I did not love my other children any ounce less when I focused on the one who needed me most. I would have given my life for any and all of them in a moment’s notice.
But I knew — in body, heart and soul — how I had to care for the one who cried out.
As my children grew, a remarkable thing happened. While I comforted one in my lap, I would watch their siblings learn to come over and join the moment of care. First a toddler’s token pat on the baby’s back, then an older brother running to the freezer for an ice pack for a younger brother’s bruised knee or skinned elbow.
They were learning the option for the poor, too.
Make no mistake; I am raising humans, not angels.
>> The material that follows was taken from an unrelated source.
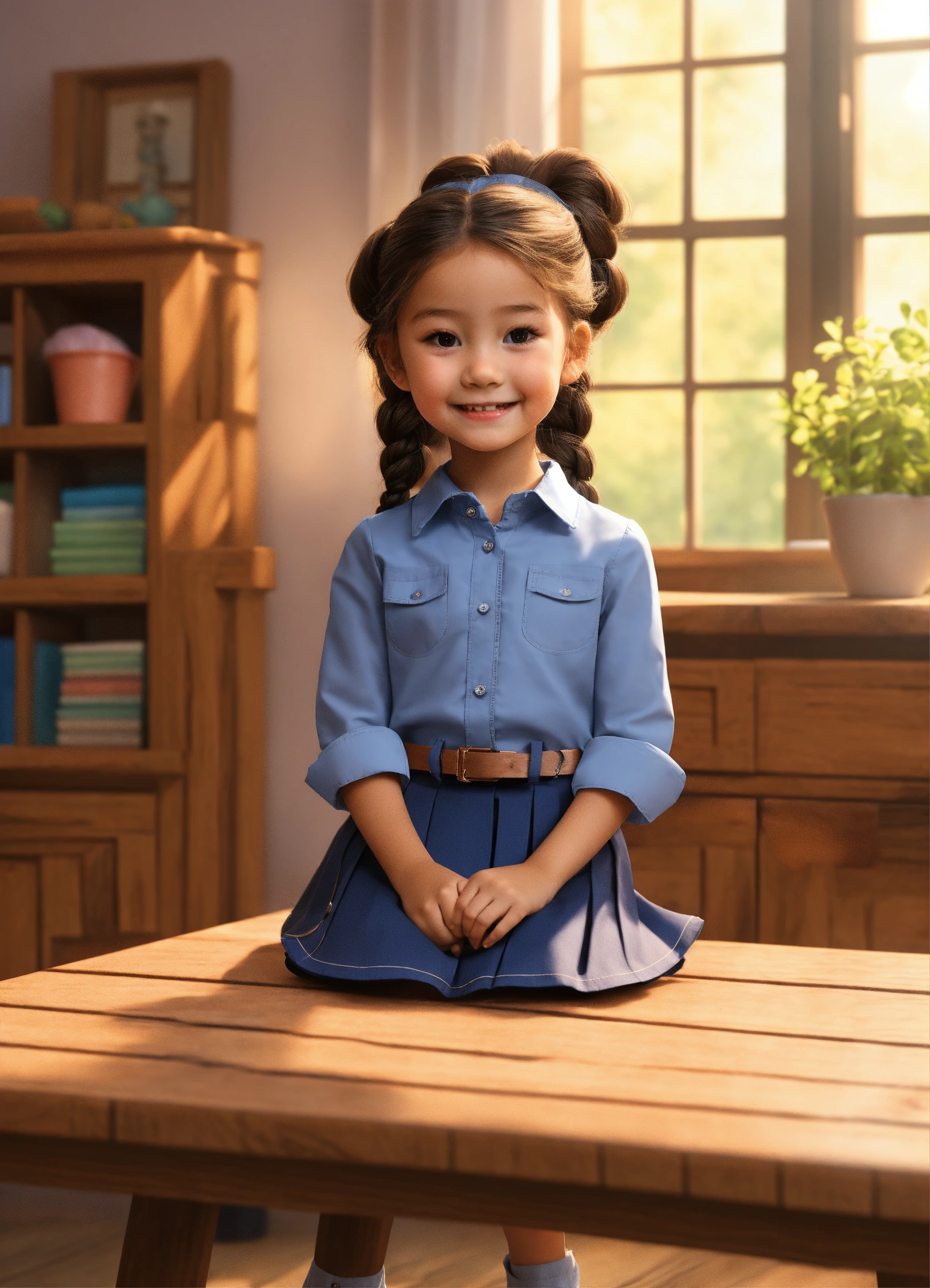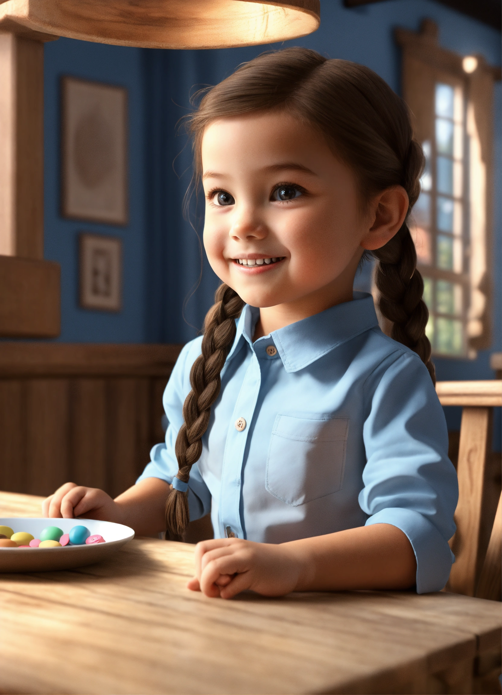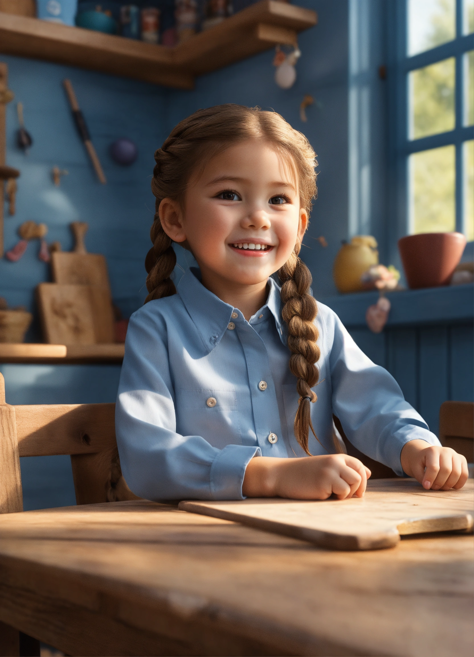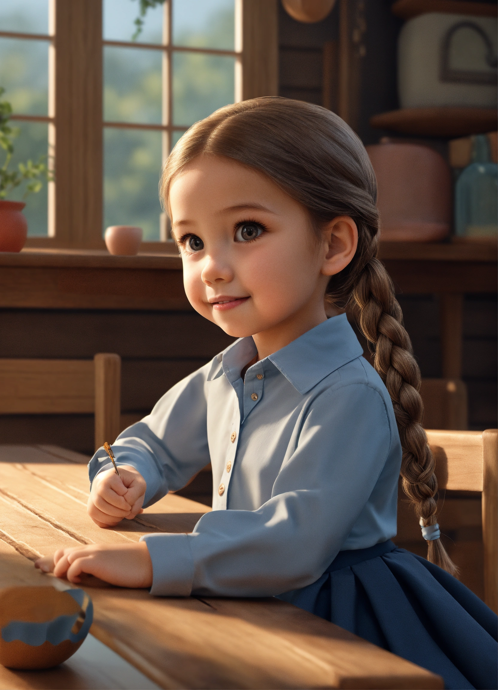 One sweet and happy 5-year-old girl, wearing a light blue long-sleeved button-down shirt with a closed collar, a dark blue skirt, hair in a braid. sitting at a wooden table, pointing her finger up to the ceiling, cute 3d realistic style

In a family of five kids, sibling squabbles erupt all day. Most of the time their apologies and care are parent-prompted, begrudging, even bitter.
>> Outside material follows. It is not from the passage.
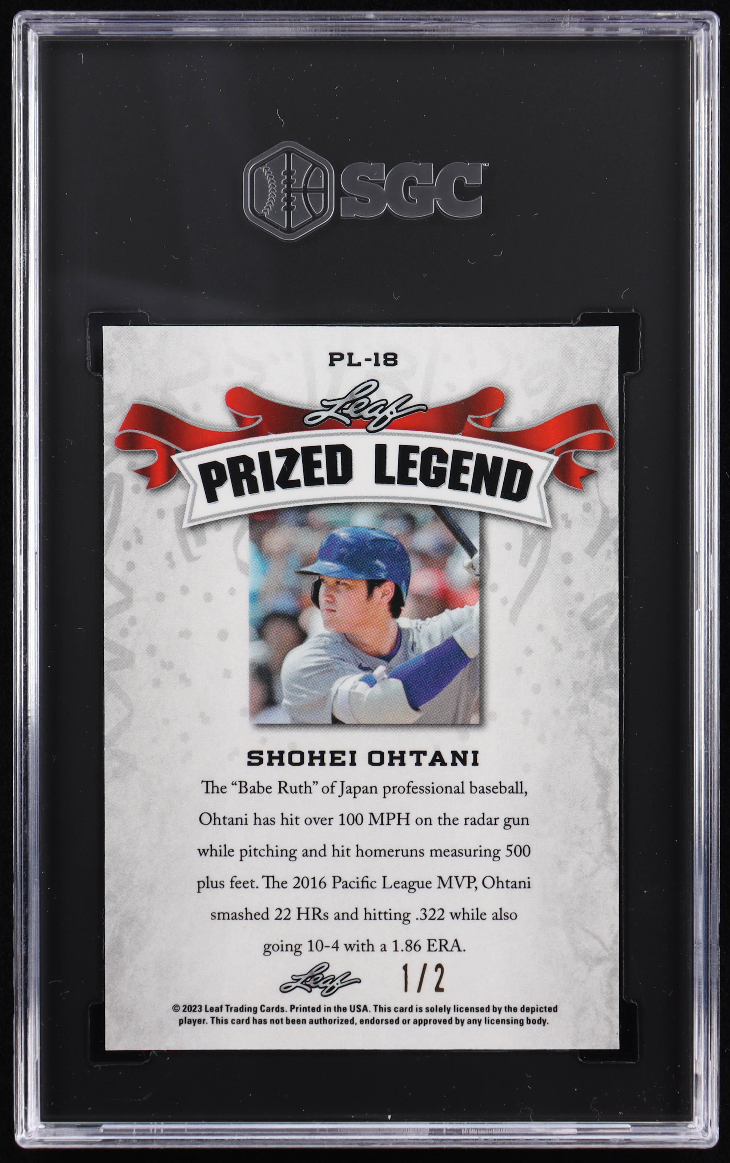 Shohei Ohtani 2023 Leaf Special Release Prized Legend Mojo Red #PL18 #1/2 (SGC 10)

But once in a rare blooming moment, I watch a tender shoot of genuine comfort rise up. An older brother hugging a younger one, whispering comfort through wails.
The smallest miracle of compassion. The willingness of the unhurt to suffer with the hurt.
I have seen this wonder flash before my own eyes enough times to know we can do it. We become humans at our best when we care in genuine ways for those who suffer. Beyond mere pity, compassion means a willingness to sit down and draw near to the weeping, the wailing or the wanting.
To drop whatever we were doing and rush to the ones in need.
Scripture tells us that God has particular care for the poor — not an exclusionary affection, but a focused concern like a parent running to a child who is sick or hurt, the one in greatest need.
We know that Christ would — and did — give his life for all of us. But we also believe that God draws close to the brokenhearted (Ps 34:18-19). The Lord hears the cries of the poor (Jb 34:28). The God of Abraham, Isaac and Jacob is the God of the widow, the orphan and the foreigner: all those left behind on society’s edges, all the forgotten and forsaken (Ex 22:21-23).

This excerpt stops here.